→ **Data below**

---------------

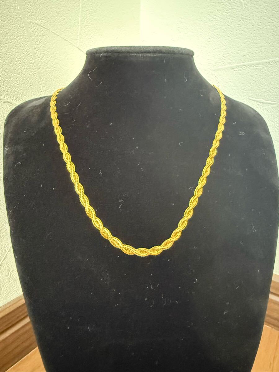 - 純金ジュエリー K24 編み込み ツイスト 純金ネックレス 24K イエローゴールド 金 ユニセックス 金高騰中
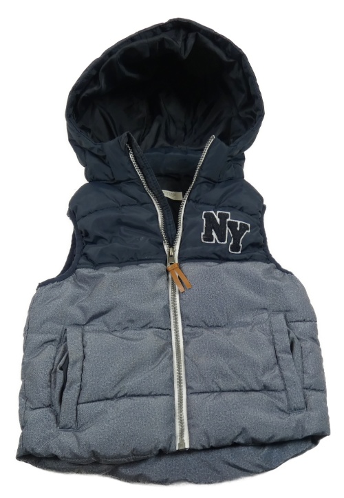 Tmavomodro-melírovaná prošívaná šusťáková zateplená vesta s písmenky a odepínací kapucí H&M
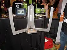 The Beamz is a laser-based music device. It is a W-shaped table-top optical control device with several laser beams. Users operate the device by using their hands to interrupt the beams.[1]
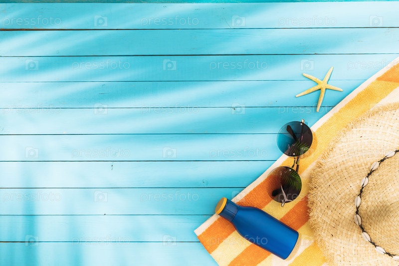 Полотенце, шляпа, солнцезащитные очки, солнцезащитный крем и морская звезда на синем деревянном фоне с копией пространства

---------------

→ **Aim of the task**
Leave out the pictures. Transcribe only the lines above, from the first through the one that contains "The Beamz is".

→ **Reply**
 - 純金ジュエリー K24 編み込み ツイスト 純金ネックレス 24K イエローゴールド 金 ユニセックス 金高騰中
 Tmavomodro-melírovaná prošívaná šusťáková zateplená vesta s písmenky a odepínací kapucí H&M
 The Beamz is a laser-based music device. It is a W-shaped table-top optical control device with several laser beams. Users operate the device by using their hands to interrupt the beams.[1]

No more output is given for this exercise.